SOURCE MATERIAL:
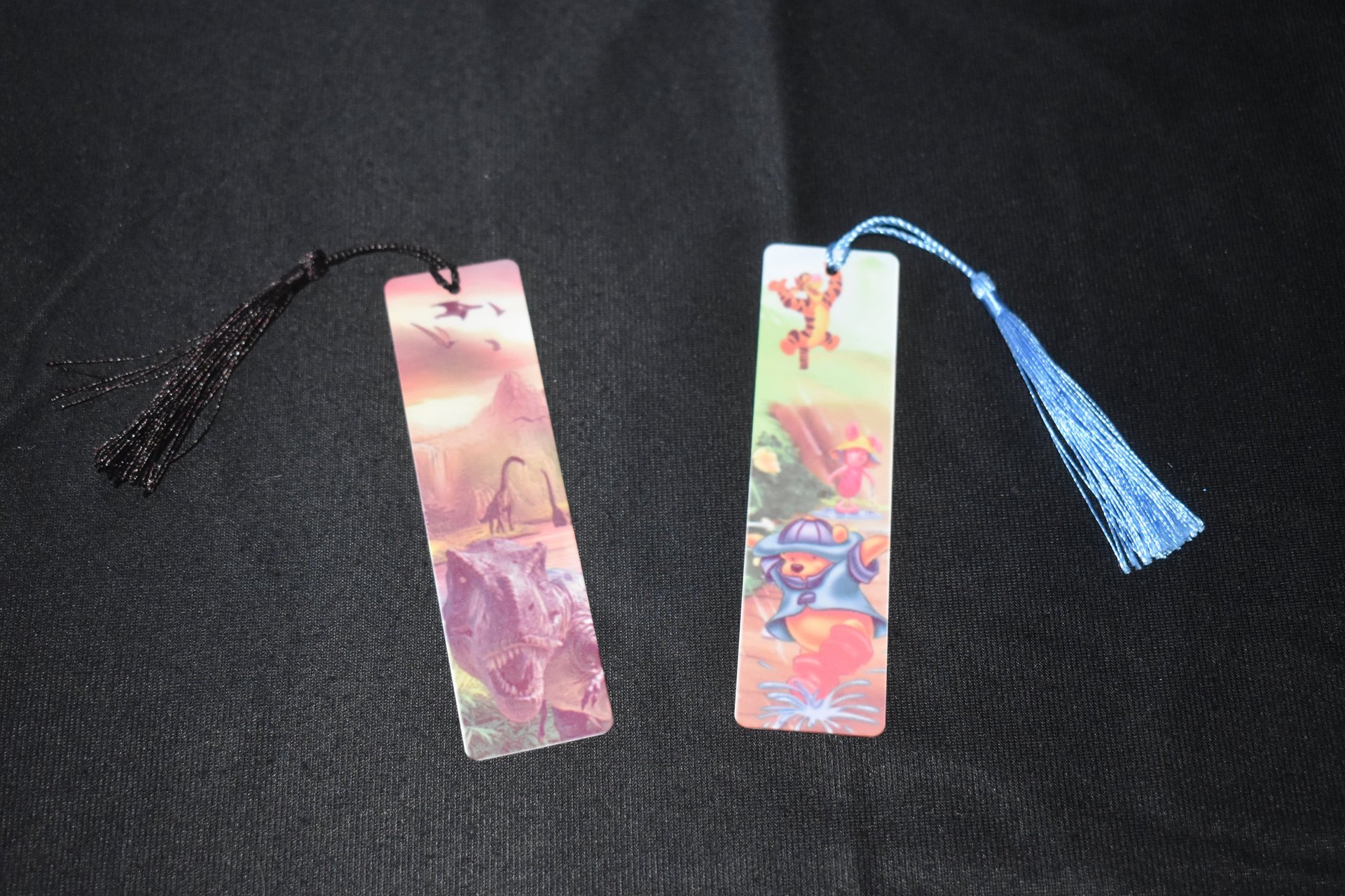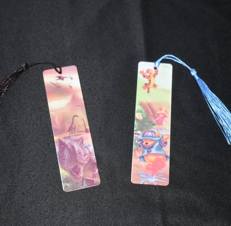 Ici ceux sont des marques pages à l'effigie de dinosaures et de personnages animé.
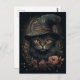 An adorable witch cat on a black background with gold details and flowers AI generated
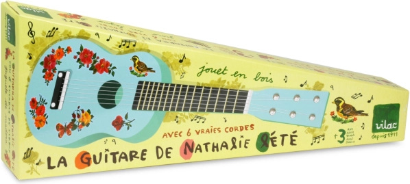 Odkryj magię muzyki z akustyczną gitarą Nathalie Lété. Ta piękna drewniana gitara z kolorowymi ilustracjami jest idealna dla małych miłośników muzyki:
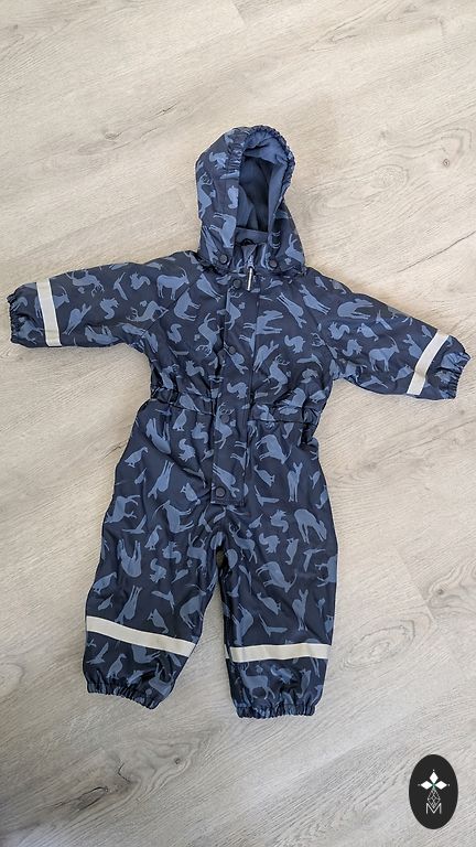 Новый комбинезон был надет один раз, значительно больше указанного, больше подходит на 98/104, а не на 92/98. С утеплителем из флиса, не пропускает влагу.
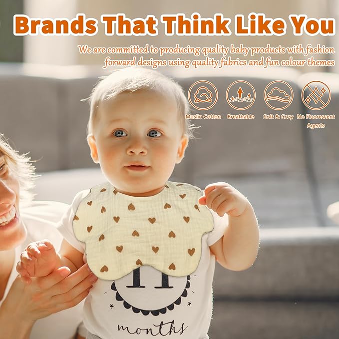 - Premium Craftsmanship: Our baby bibs are meticulously handmade with care and precision, using 4 layers of 100% muslin cotton. This premium quality material ensures superior softness, breathability, and durability, making them perfect for your little one's delicate skin.
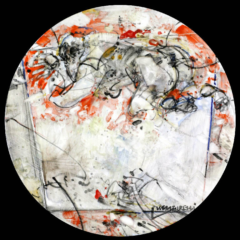 Opera di formato circolare in ceramica policroma caratterizzata nella parte superiore da una figura umana con gambe rannicchiate e braccia tese nell'atto di nuotare. La freschezza della linea e la libertà cromatica caratterizzano l'intera composizione.
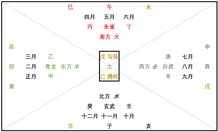 | 上爻 | 玄武 | 青龙 | 朱雀 | 勾陈 | 腾蛇 | 白虎 |
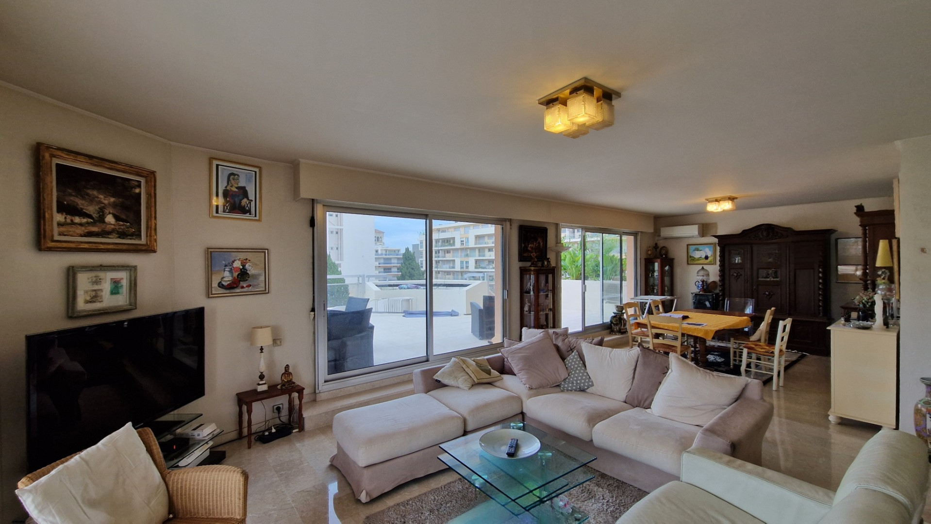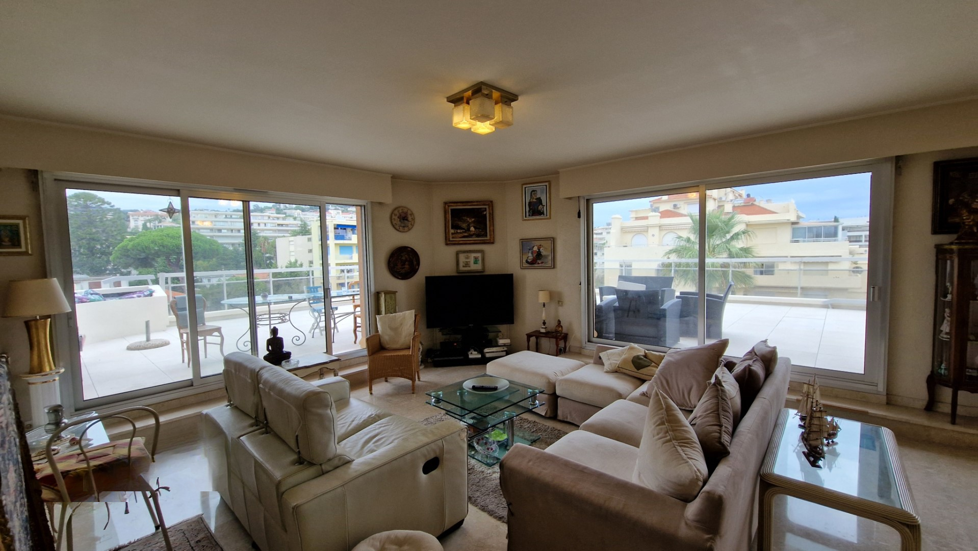 На пятом этаже здания Le Palais Royal, расположенного в районе Пойнт Круазет в Каннах, представлен просторный семикомнатный апартамент площадью 193,5 м². Прекрасный вид на 360° обеспечивается за счет 135 м² террас, окружающих пространство.
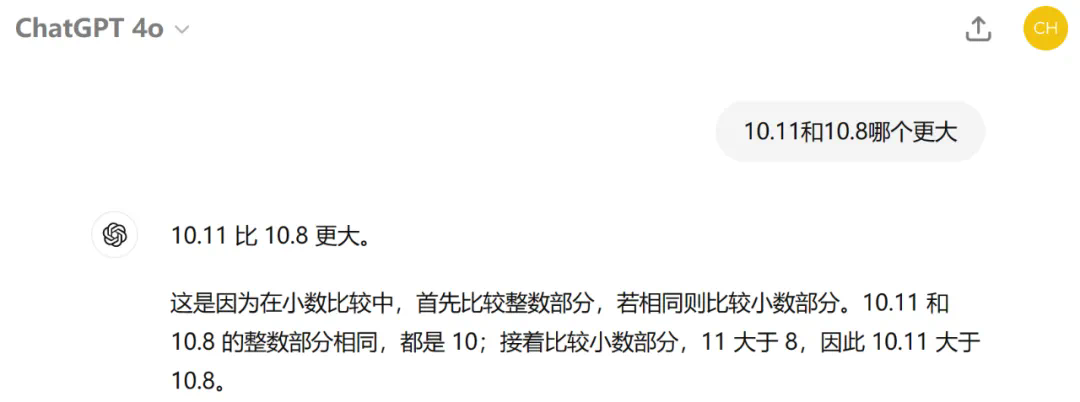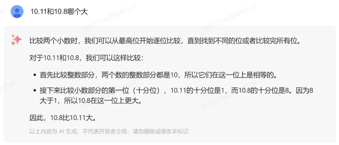 类似的数字比较同样答对了。从解题思路来看,GLM-4-Flash 掌握了正确的小数位比较方法。
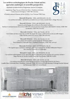 Programme du séminaire post-doctoral Archives archéologique du Proche-Orient ancien
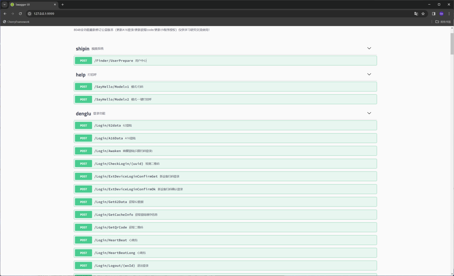 3、运行后出现http://:9999字样说明成功了,浏览器访问127.0.0.1:9999即可食用!
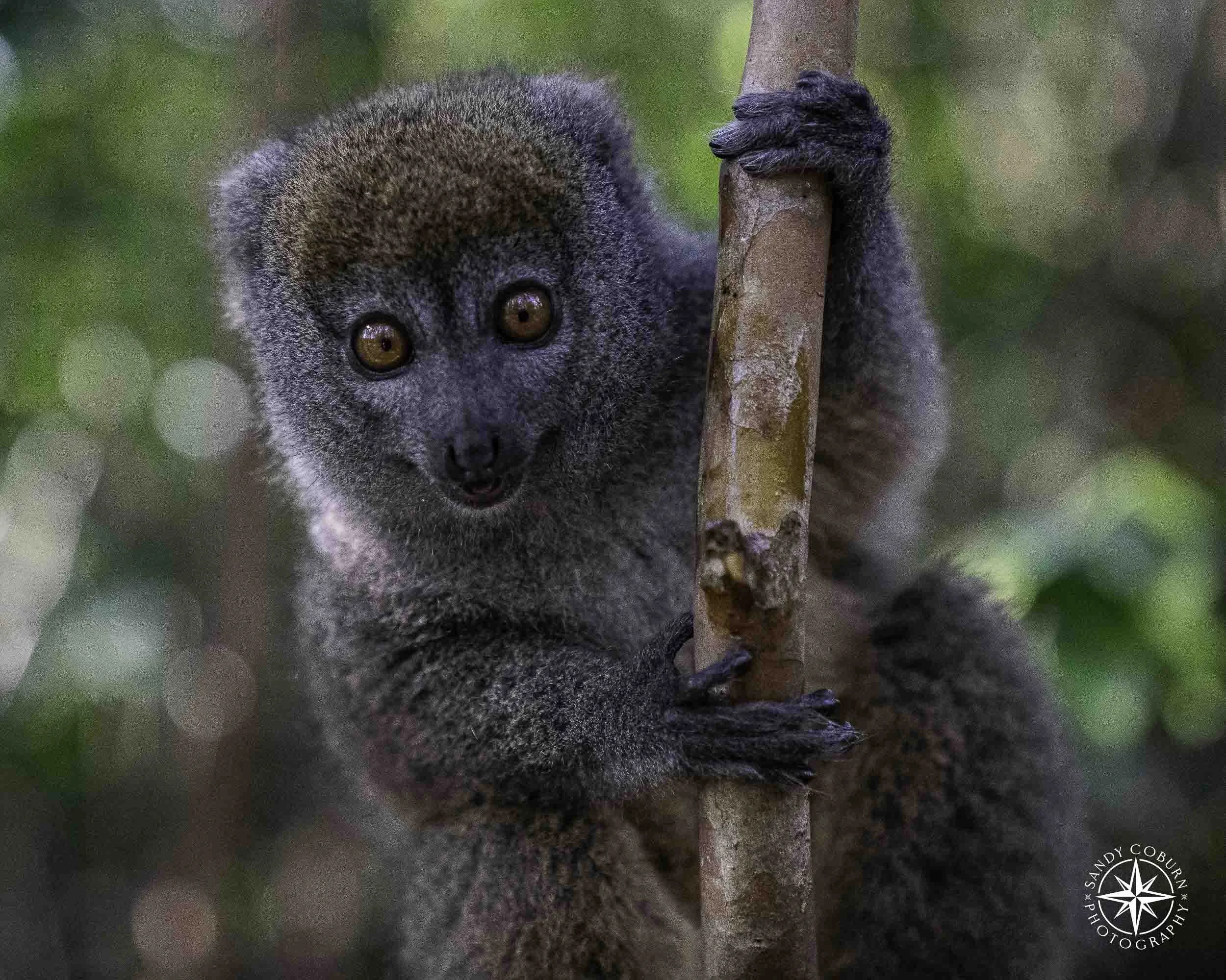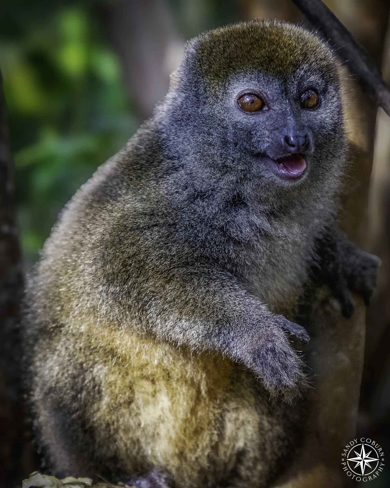 Perched gently in the trees, this bamboo lemur offers a rare and open expression—ears tucked, eyes forward, mouth slightly ajar in what feels like a moment of connection.

TASK DETAILS: For this exercise, output only the lines from the one bearing "3、运行后出现http://" to the end of the material above, exactly as written, with pictures left out.

TASK RESPONSE:
 3、运行后出现http://:9999字样说明成功了,浏览器访问127.0.0.1:9999即可食用!
 Perched gently in the trees, this bamboo lemur offers a rare and open expression—ears tucked, eyes forward, mouth slightly ajar in what feels like a moment of connection.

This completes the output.